Composition of the sample for the survey and the interviews

Collection of the data proceeded simultaneously and interactively with analysis.Footnote 11 In what follows, I will present descriptive statistics and some emblematic excerpts from the interviews (all names are pseudonyms) to illustrate three main outcomes of the response to the crisis: obstacles overcome, complications and restrictions.

Findings

Overcoming obstacles

The sudden increase in requests for emergency food could have put a strain on the capacity of food support providers to successfully meet the surge in demand. Table 1 shows, however, that during the first and most problematic weeks of the crisis, very few organizations had to turn eligible people away for any of the reasons listed. More than 80% of the respondents declared that they have never turned eligible people away on account of a lack of food stocks or organizational resources (volunteers and staff). Interestingly, almost no one responded that people were turned away due to a lack of valid food vouchers (92.7%). Studies before COVID-19 illustrated that people in need had to face bureaucratic hurdles and racialised calculations of deservingness in order to become eligible (de Souza 2019; May et al. 2019). During the crisis, however, it is possible that most providers renounced or reduced eligibility checks and procedures to streamline the distribution. Crucially, when forced to turn people away, users were often redirected to other providers with greater capacity, so that at no point during the crisis has there been an overall lack of food.
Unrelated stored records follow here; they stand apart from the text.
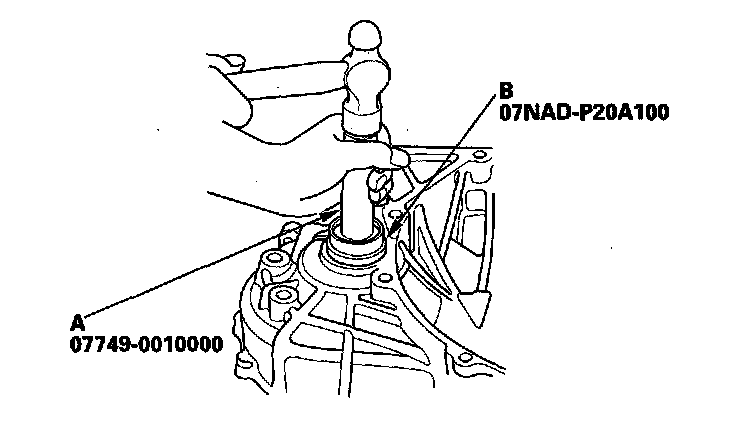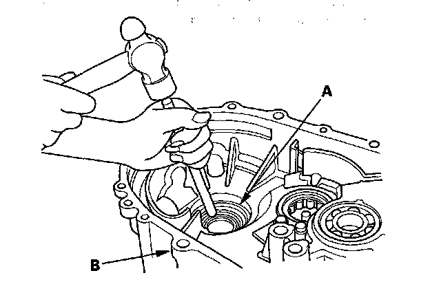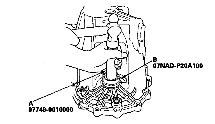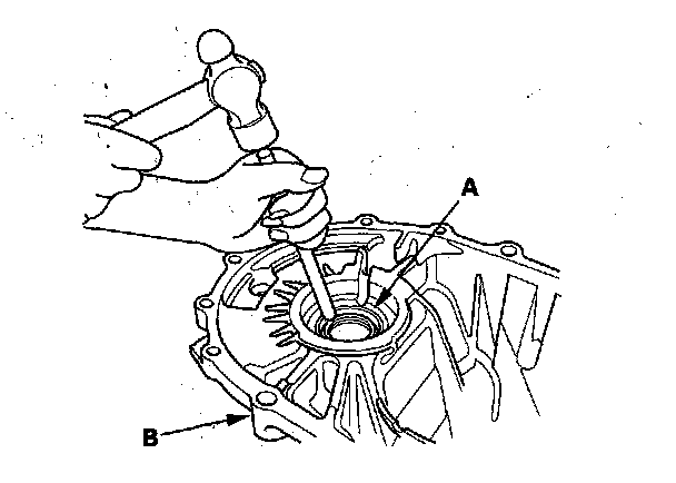 3. Install the new oil seal in the transmission housing with the driver (A) and oil seal driver attachment (B).
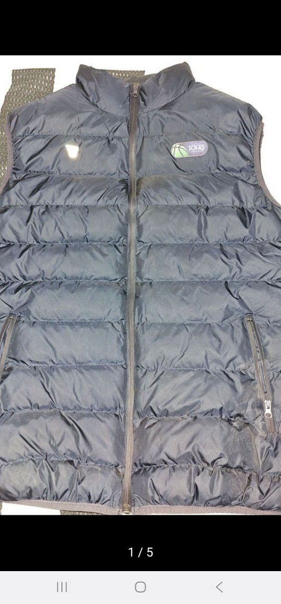 Fermuarlı ön ve iki fermuarlı cep bulunan, sentetik kumaştan yapılmış, gri renkli, kolsuz, orta uzunlukta, dar kesim erkek yelek. Günlük sokak stili için uygundur.
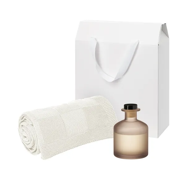 Подарочный бежевый набор Mizu, Cella — стильное сочетание уюта и ароматерапии. Мягкий плед и ароматический диффузор создадут расслабляющую атмосферу и станут прекрасным акцентом в интерьере. Такой набор подойдет как корпоративный подарок или знак внимания близким.
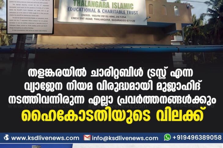 പ്രാദേശികം തളങ്കര യിൽ ചാരിറ്റബിൾ ട്രസ്റ്റ് എന്ന വ്യാജേന നിയമ വിരുദ്ധമായി മുജാഹിദ് നടത്തിവന്നിരുന്ന എല്ലാ പ്രവർത്തനങ്ങൾക്കും ഹൈകോടതിയുടെ വിലക്ക്December 9, 2020

Table 1 How often organizations turned people away

Two concomitant factors contributed to this outcome. On one hand, repeated calls on the generosity of individuals and businesses (especially food retailers), as well as the UK government fund for food redistribution, injected the resources necessary to keep the food support system running. In fact, many organizations experienced an increase in donations of food (76.4% of sample) or money (67.3%) (see Table 2), with 85.5% (47 cases) reporting one of the two and more than half reporting both (32 cases, 58.2%). Interestingly, only four participants reported a fall in the nutritional value of the food distributed, whilst the majority (65.5%) reported no change. Surprisingly, 15 organizations saw an increase: while urgency could have resulted in a lower concern for food quality, it is likely that the rise in food and monetary donations had positive side effects on the heterogeneity of the food supplied to some providers and, in turn, on the overall quality of the groceries distributed.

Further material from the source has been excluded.